On 2 March 2017 at 21:52, Chris Taylor <ctaylor@pivot3.com> wrote:
> Hi,
> I am less concerned about any possible timing issues as they are probably miniscule and I can't think of the scenario where it would be a problem and cause less accurate results to really be concerned about.
> Tests pretty much prove we are getting close to what we expect:
> fio --eta=never --ioengine=libaio --readwrite=write --time_based=1 
> --runtime=60 --filename=/tmp/fio --size=1M --direct=1 --name=test 
> --write_iops_log=/tmp/test --log_avg_msec=5500 --log_unix_epoch=1 
> 1488489137632, 6413, 1, 0 1488489143131, 5503, 1, 0 1488489148631, 
> 5585, 1, 0 1488489154131, 5883, 1, 0 1488489159631, 5726, 1, 0 
> 1488489165131, 5331, 1, 0 1488489170631, 5772, 1, 0 1488489176131, 
> 5661, 1, 0 1488489181631, 5970, 1, 0 1488489187131, 5776, 1, 0 [5499, 
> 5500, 5500, 5500, 5500, 5500, 5500, 5500, 5500]
>
> However, the problem still exists where in timeval_add_msec gets a 
> value greater than 1000 msecs the tv->tv_usec it will grow beyond 
> usecs (1000000) and causes unexpected behavior.  Possibly this is the 
> better fix to avoid other callers having to adjust for  the overflow 
> in timeval_add_msecs?\ diff --git a/time.c b/time.c index 
> f5dc049..a318ad5 100644
> --- a/time.c
> +++ b/time.c
> @@ -9,10 +9,9 @@ static unsigned long ns_granularity;  void 
> timeval_add_msec(struct timeval *tv, unsigned int msec)  {
>         tv->tv_usec += 1000 * msec;
> -       if (tv->tv_usec >= 1000000) {
> -               tv->tv_usec -= 1000000;
> -               tv->tv_sec++;
> -       }
> +    tv->tv_sec += tv->tv_usec / 1000000;
> +    tv->tv_usec %= 1000000;
> +
>  }
>
>  /*
> Running the same job as above with the change:
> 1488489763099, 5773, 1, 0
> 1488489768599, 5852, 1, 0
> 1488489774099, 5654, 1, 0
> 1488489779599, 5482, 1, 0
> 1488489785099, 5650, 1, 0
> 1488489790599, 5752, 1, 0
> 1488489796099, 5390, 1, 0
> 1488489801599, 5746, 1, 0
> 1488489807099, 5610, 1, 0
> 1488489812599, 5361, 1, 0
> [5500, 5500, 5500, 5500, 5500, 5500, 5500, 5500, 5500]
>
> Thanks,
> Chris
>
> -----Original Message-----
> From: Sitsofe Wheeler [mailto:sitsofe@gmail.com]
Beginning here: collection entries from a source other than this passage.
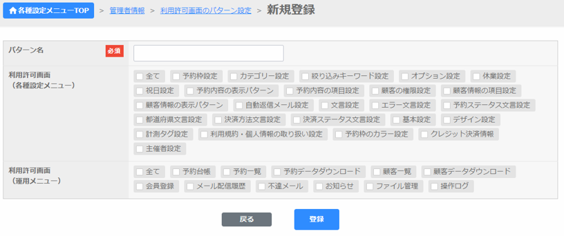 パターンは複数登録することが可能で、管理者情報 新規登録/編集から管理者毎に自由に指定が可能です。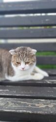 Scottish Fold pişiyi - Cins: Scottish Fold (qulaqcıqları bükülü) - Rəng: gümüşü-boz, zolaqlı naxış - Gözlər: böyük və ifadəli, yumru - Tük tipi: qısa və hamar - Quyruq: uzun, zolaqlı - Xarakter xü...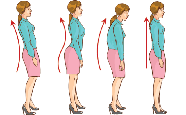 Tư thế đi đứng chuẩn chính là ngực hơi ưỡn, hóp bụng và thẳng lưng.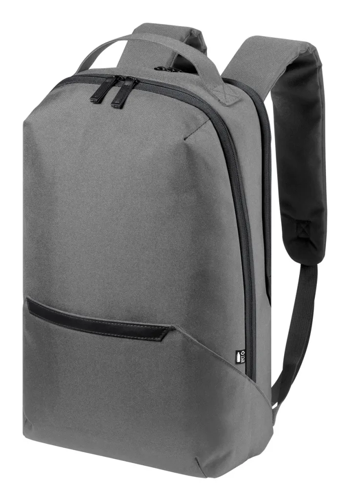 Vodootporni RPET ruksak s pretincem s patentnim zatvaračem, pretincem za 15" laptop i 10" tablet, remenom za kofer, sakrivenim anti-theft džepom i ergonomskim leđima i naramenicama. Izrađen od 600D RPET poliestera s prepoznatljivom RPET etiketom.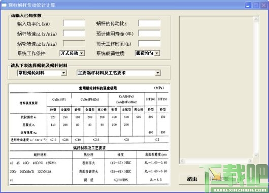 圆柱蜗杆传动设计计算程序主要对圆柱蜗杆传动进行设计计算,根据输入功率、蜗杆转速、涡轮转速、蜗杆传动比、预计使用寿命、每天工作时间、系统工作条件、系统负载情况、蜗杆材料以及工艺要求等参数,对蜗杆一步步指导性设计。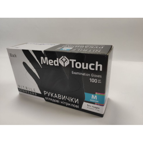 Рукавички оглядові нітрилові розмір M, чорні / 100 шт Med Touch Black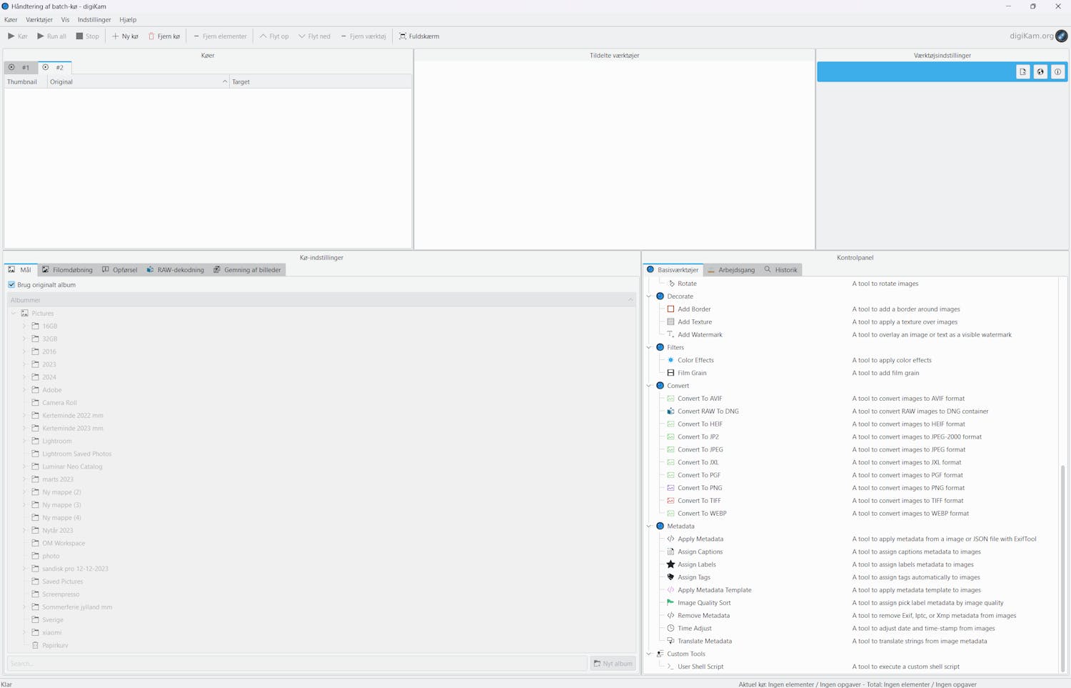 Når du klikker på Batch Queue Manager åbner et vindue, hvor du kan redigere store grupper af filer. Her kan du omdøbe dem for at give dem relaterede filnavne, og du kan konvertere raw-filer og gemme dem i et udvalg af populære formater. Der er også mulighed for at redigere, forskønne og dekorere den valgte billedgruppe.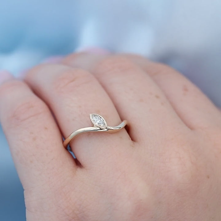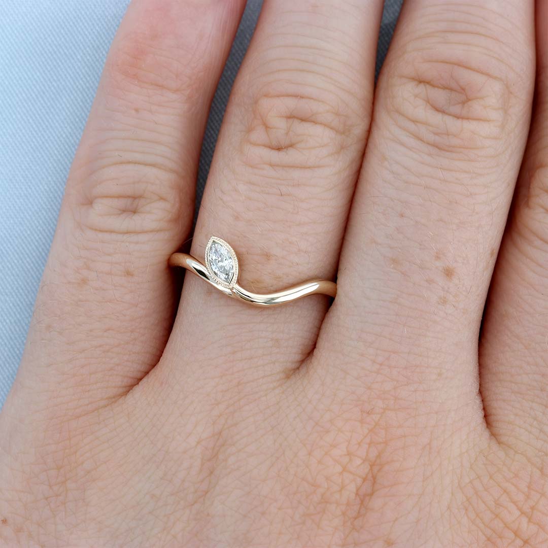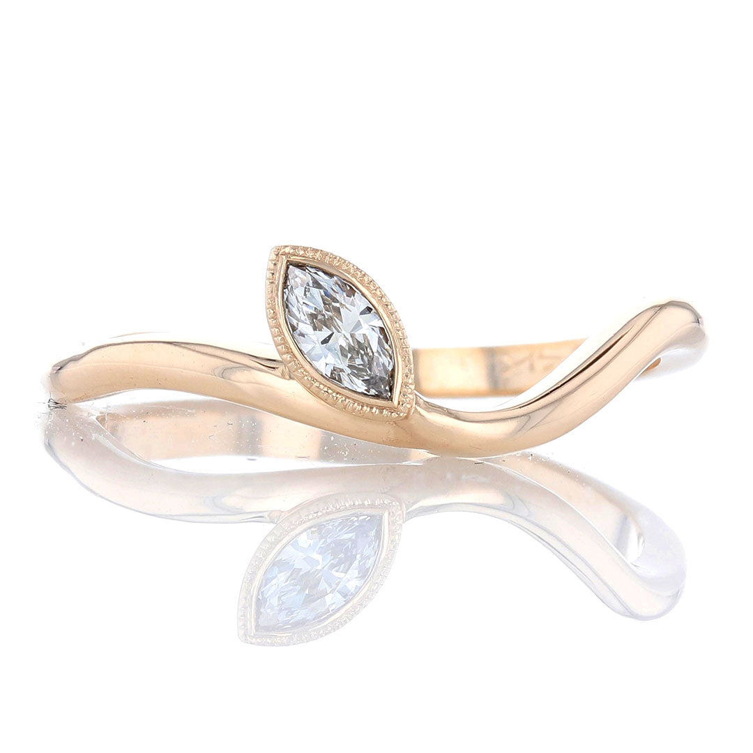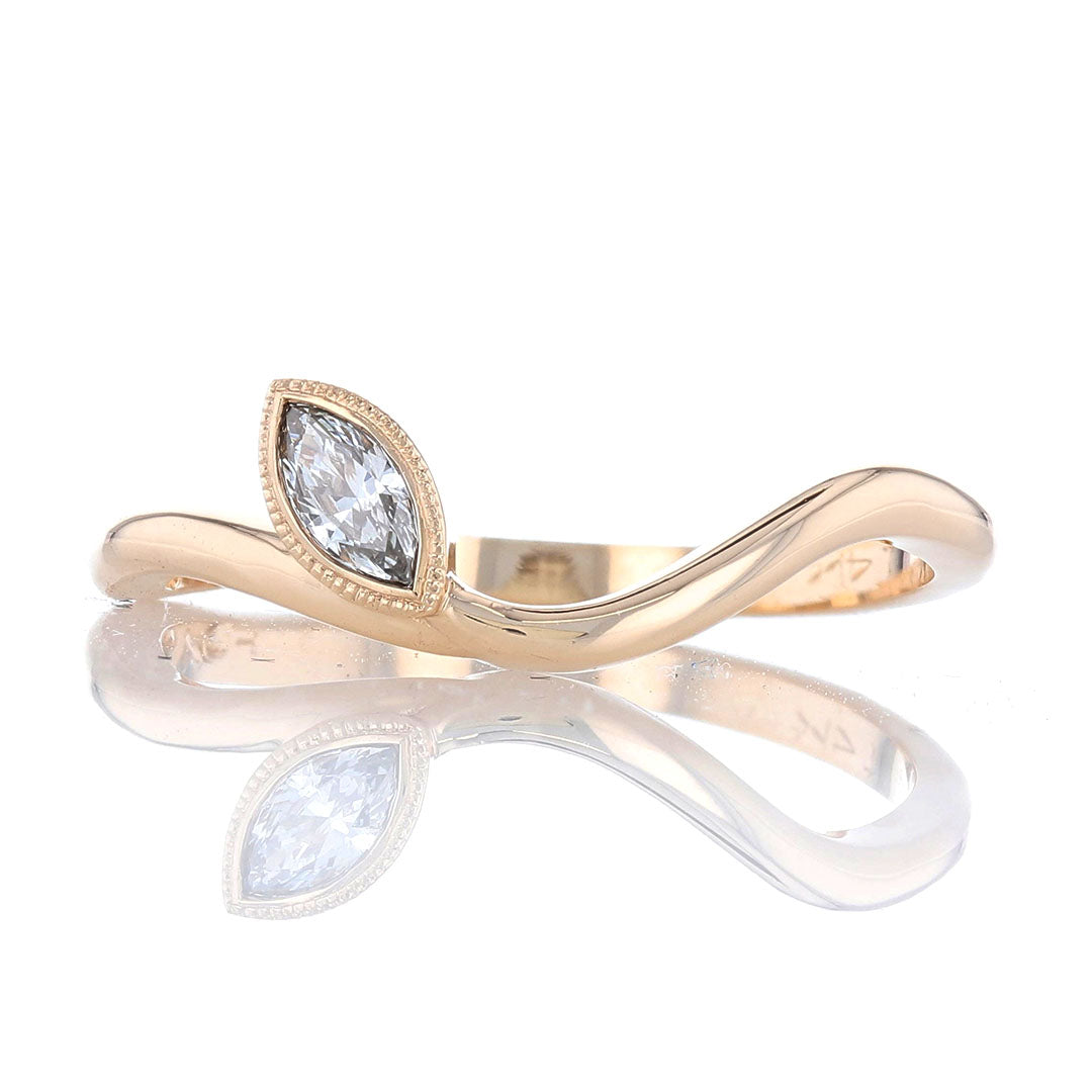 Branches of high polished yellow gold culminate in a leaflike marquise diamond, bezel set with milgrain. The wedding band curves to fit against the engagement ring.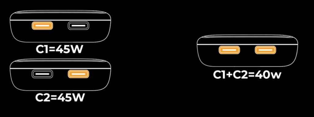 単ポート使用時は最大45W出力、2ポート同時使用でも合計約40Wを確保。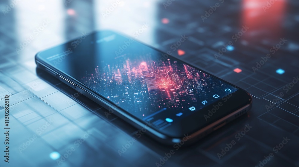 The watermark will not be included on Wall mural.: Realistic vector set of laptop, smartphone and computer with internet of things and smart city devic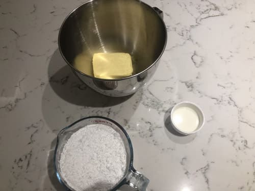 Whisk the butter on a high speed until it changes pale in colour. Add the icing sugar and milk and whisk it of 5 minutes until it is not grainy. My stand mixer made very easy work of this! Then, add half of the cooled ganache and whisk on a high speed.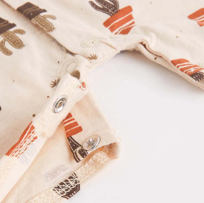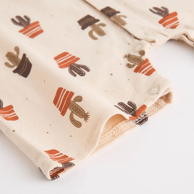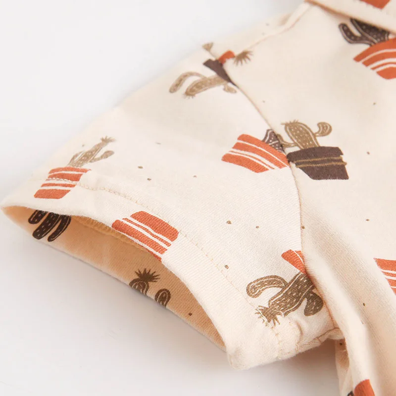 1.**Encantador estampado de cactos**: este mameluco de manga corta para bebés de 0 a 2 años presenta un estampado de cactos completo.Los lindos patrones de cactus en tonos terrosos sobre un fondo claro están llenos de un ambiente veraniego, lo que hace que su bebé luzca adorable y a la moda.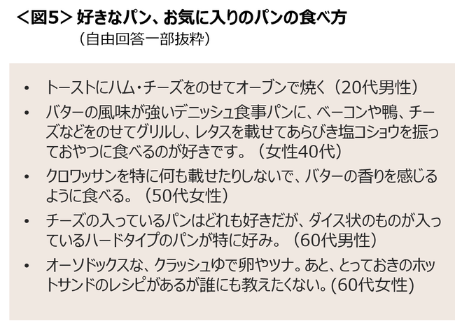 お気に入りのパンの食べ方は、単にのせる・焼くだけではなく、のせる・かける・焼くを組み合わせて食していた。<図5>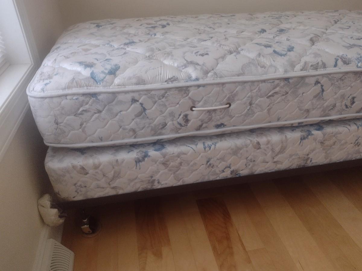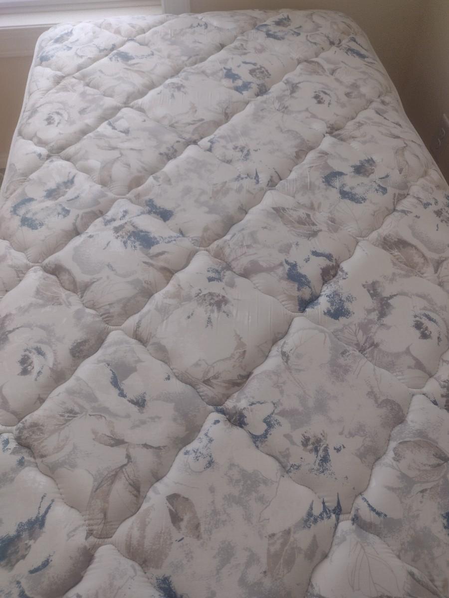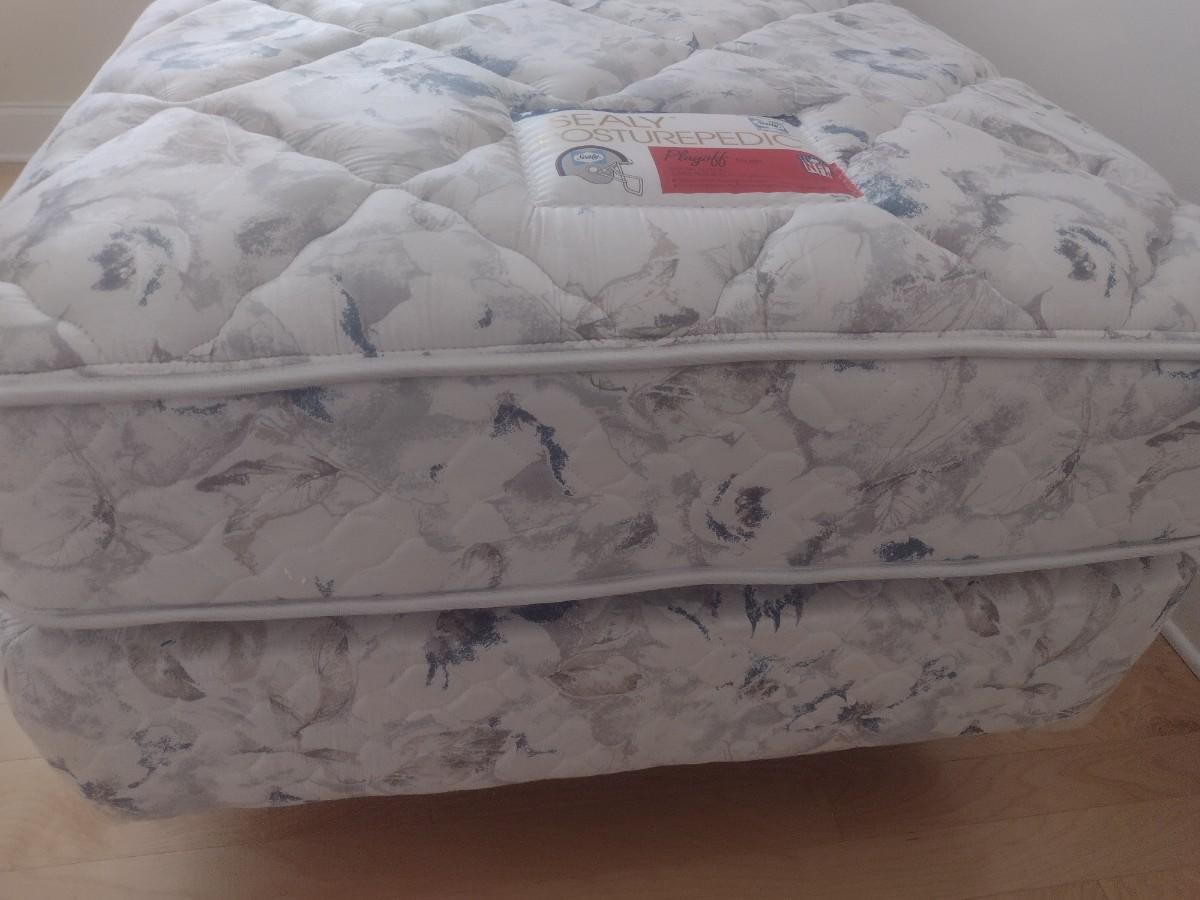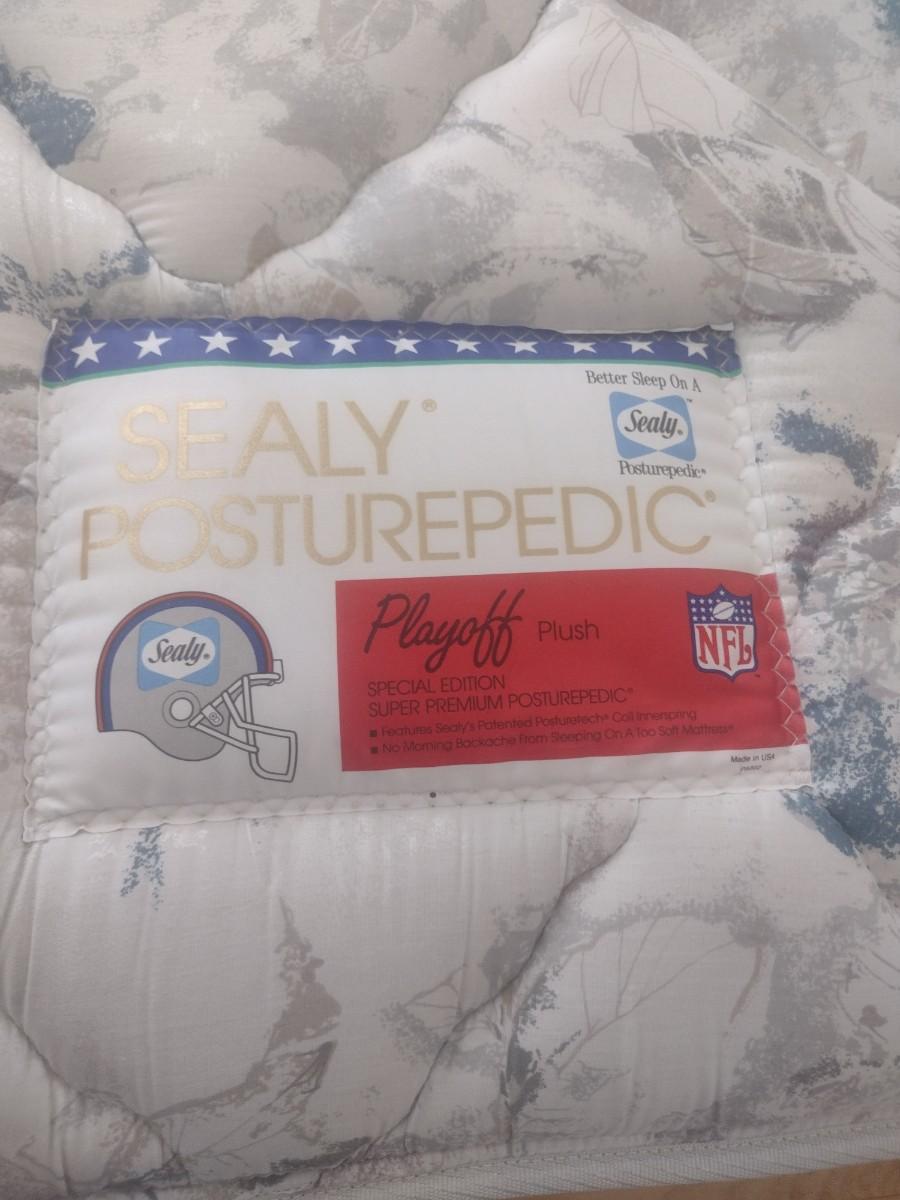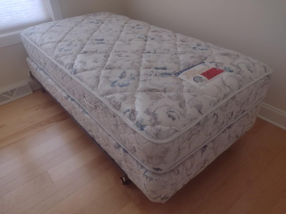 Sealy Posturepedic Twin Mattress and Boxspring Set on Metal Bed Frame
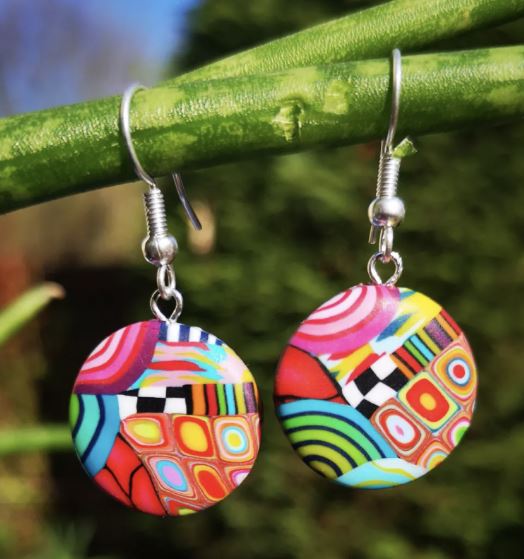 Örhängen av polymer och silvermetall bestående av en mosaik av canes, 100% handgjorda.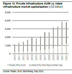 Creemos que esta tendencia continuará, ya que muchas inversiones en infraestructuras con una larga vida útil encuentran un encaje más natural bajo la propiedad de fondos privados de infraestructuras que tienen horizontes de inversión largos.

> Sent: Tuesday, February 28, 2017 11:50 AM
> To: Chris Taylor <ctaylor@pivot3.com>
> Cc: fio@vger.kernel.org
> Subject: Re: FIO log averaging issue with --write_bw_log and 
> --write_iops_log using > 1000 log_avg_msec values
>
> Hi,
>
> Re timing issues: do you mean because of usec /= 1000; on line 428? As mtime_since() returns milliseconds it would mean all fractional millisecond amounts would be pushed downward so potentially things could be be under by a millisecond. If that's what you're thinking of I guess how bad that is depends on how much accuracy you need and how much jitter there is within the system already. Perhaps you can demonstrate a problem scenario so folks numerate than I will see the problem too...
>
> Re rounding problem - fair enough.
>
> On 28 February 2017 at 00:47, Chris Taylor <ctaylor@pivot3.com> wrote:
>> Hi Sitsofe,
>> Looks like this is handled in commit be6bb2b72608d7efbec13d06c67446e229136afa.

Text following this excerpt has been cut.